One thing I do notice is that Ivys do operate symbiotically to one another to some degree. So if you are really top drawer to them, you might get into all 8 of them or 6 of them. But say your weakness is expository writing, or poor in-person conversational skills or you haven't done anything impressive, then regardless of your perfect grades and test scores, you might get rejected from all of them. But if you are super STEM-Y and have lot of nerdy spikes, you may very well get admitted to MIT, Caltech, JHU. Stanford is closer to the Ivy's in terms of giving all applicants a score card and applying 100+ criteria to score card. So you are either a 1, 2, 3 or (4,5,6) and most admits are 2+,2, 2- composites. 1% of admits are 1s.

I think it's very difficult for Int'l students who are schooled a certain way to guess or anticipate how to craft their narrative so an American Admissions officer fully understands their potential and what they have to offer. I don't know how college admissions work in Asia but I'm guessing in some Asian countries, whomever has the best grades and test scores gets into the best schools. It doesn't work like that in the US.

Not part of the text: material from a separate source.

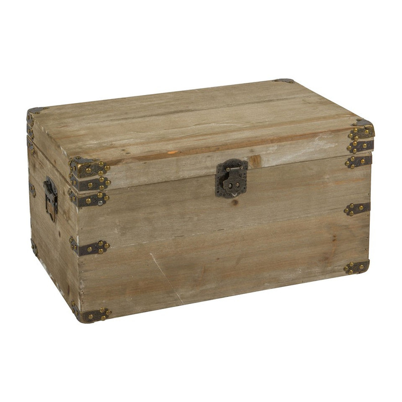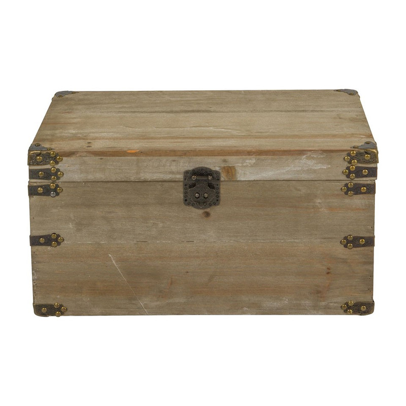 Decoratieve en praktische kist om spullen op een stijlvolle manier op te bergen. Aan de zijkanten zijn twee metalen handvaten gemonteerd, waarmee de kist gemakkelijk opgetild kan worden. Handig als je hem eens wilt verplaatsen bijvoorbeeld. De sluiting op de kist en het overige beslag zijn van dezelfde kleur metaal gemaakt als de handgrepen.

It much more subjective and confusing. I think HS in America is like a Test Kitchen. Colleges fully expect you to know how to bake, grill, cook, make salads and soups but they don't tell you what they like to eat. So it's like a free for all. Anyone who uses their 4 years of high school to experiment, challenge themselves, fail, overcome and bring something new to the dinner table during admissions season has a good chance. And if you can fully explain how you got there even better.

My advice to you is just continue with your intended college list and apply to the schools you want to. Your Yale deferral is not a good or bad sign. Since 89% of Yale SCREA applicants were deferred or rejected, you are just swimming into a larger less competitive pool of applicants and your guess is as good as mine as to what will happen.

You really don't need a plan B, just review your list and see if there are a couple schools on there that you'd be thrilled to attend in case the Yale deferral does not convert.

Good luck.

a year ago

Yale only deferred 21% early applicants for class of 2027. This means you are a strong contender and they want to consider you with their regular application pool.

2 years ago

Hi, first off congrats a deferral is still good! It depends but still, congratulations. Your friend is right, it's kinda how you see it. If yale was your dream college, a deferral would still give you hope. If there's some other college that you love, a deferral might actually suck because now you have to wait some more months. It also means you were a borderline candidate for yale, so yes definitely apply to other colleges, you might get in. Re-evaluating your application is a good choice, but don't make any drastic changes unless you feel the need to. All the best!